**GIVEN DATA**:
== == ==

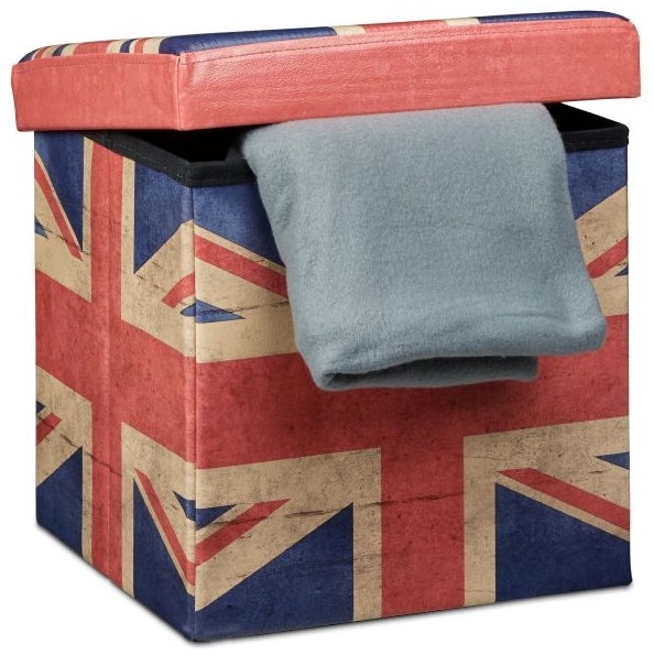 Der faltbare Sitzhocker von Relaxdays vereint Funktionalität und Stil. Mit einem Stauraum von ca. 40 L bietet er Platz für Zeitschriften, Spielsachen und mehr. Die robuste Konstruktion ist bis zu 300 kg belastbar, während das weiche Polster für hohen Sitzkomfort sorgt. Zusammengefaltet lässt sich der Hocker platzsparend verstauen und passt in jedes Wohnambiente. **Highlights** - Stabiler Sitzhocker mit bedrucktem Kunstleder - Viel Stauraum von ca. 40 L - Robuste Konstruktion bis zu 300 kg belastbar - Weiches Polster für angenehmes Sitzgefühl - Platzsparend zusammenfaltbar **Produkteigenschaften** - Maße aufgebaut: 38 x 38 x 38 cm - Maße zusammengefaltet: 6 x 38 x 38 cm - Material: Kunstleder - Design: UK-Motiv - Gewicht: ca. 2,5 kg - Zusätzliche MDF-Platte zur Stabilisierung **Lieferumfang** - Hocker gefaltet - Extra Deckel - Bodenplatte - Dekorationsartikel sind im Lieferumfang nicht enthalten
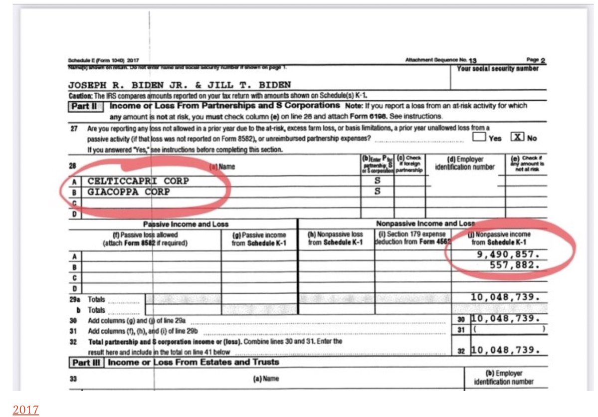 Biden could be hiding his alleged $5M payment from Bursima in his entity "CelticCapri" & Jill Biden's entity "Giacoppa Corp" The numbers below in his 2017 tax return don't provide revenue line items accounting for about $10M Joe Biden must disclose who paid him & for what
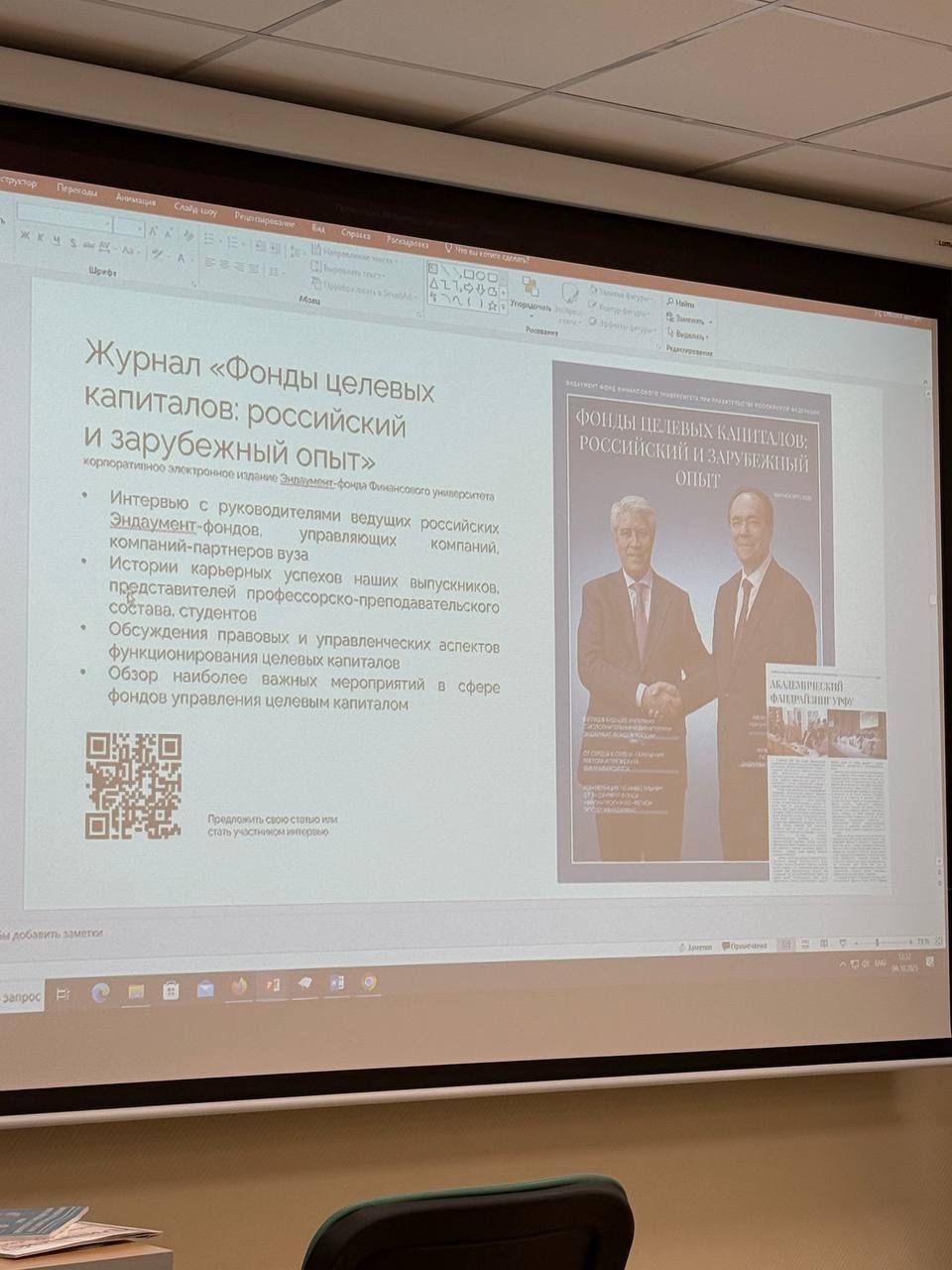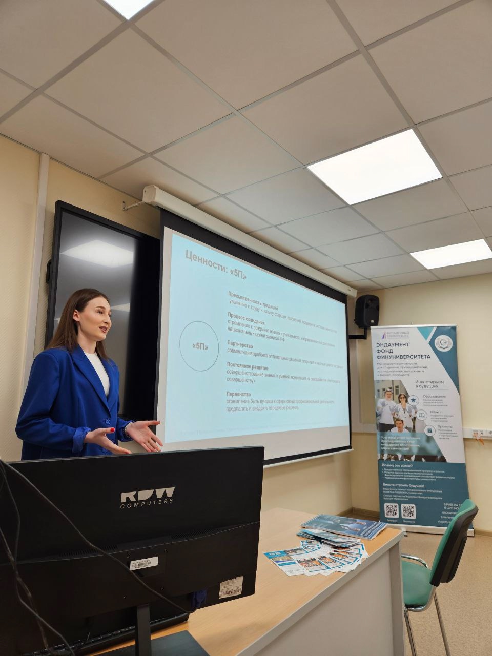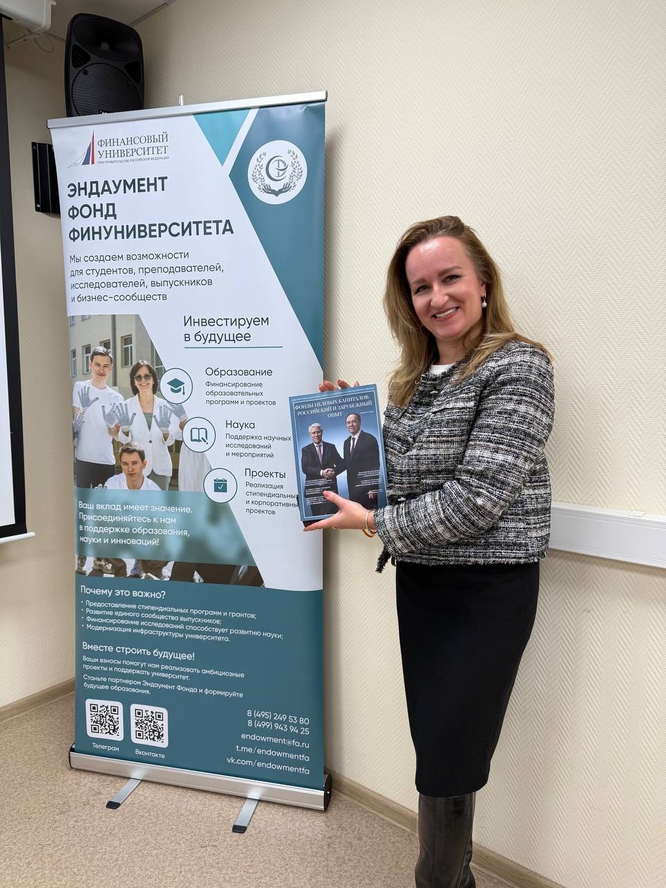 Финалом мероприятия стало выступление исполнительного директора Фонда управления целевым капиталом Финансового университета Марии Родионовой. Слушатели узнали о возможностях, которые сегодня открывает Фонд, и о том, как выпускники могут участвовать в развитии университета, создавая тем самым прочную основу для будущих поколений.

== == ==

**TRY IT**: Excluding all images, transcribe the material word for word.

**RESULT OF THE TASK**:
 Der faltbare Sitzhocker von Relaxdays vereint Funktionalität und Stil. Mit einem Stauraum von ca. 40 L bietet er Platz für Zeitschriften, Spielsachen und mehr. Die robuste Konstruktion ist bis zu 300 kg belastbar, während das weiche Polster für hohen Sitzkomfort sorgt. Zusammengefaltet lässt sich der Hocker platzsparend verstauen und passt in jedes Wohnambiente. **Highlights** - Stabiler Sitzhocker mit bedrucktem Kunstleder - Viel Stauraum von ca. 40 L - Robuste Konstruktion bis zu 300 kg belastbar - Weiches Polster für angenehmes Sitzgefühl - Platzsparend zusammenfaltbar **Produkteigenschaften** - Maße aufgebaut: 38 x 38 x 38 cm - Maße zusammengefaltet: 6 x 38 x 38 cm - Material: Kunstleder - Design: UK-Motiv - Gewicht: ca. 2,5 kg - Zusätzliche MDF-Platte zur Stabilisierung **Lieferumfang** - Hocker gefaltet - Extra Deckel - Bodenplatte - Dekorationsartikel sind im Lieferumfang nicht enthalten
 Biden could be hiding his alleged $5M payment from Bursima in his entity "CelticCapri" & Jill Biden's entity "Giacoppa Corp" The numbers below in his 2017 tax return don't provide revenue line items accounting for about $10M Joe Biden must disclose who paid him & for what
 Финалом мероприятия стало выступление исполнительного директора Фонда управления целевым капиталом Финансового университета Марии Родионовой. Слушатели узнали о возможностях, которые сегодня открывает Фонд, и о том, как выпускники могут участвовать в развитии университета, создавая тем самым прочную основу для будущих поколений.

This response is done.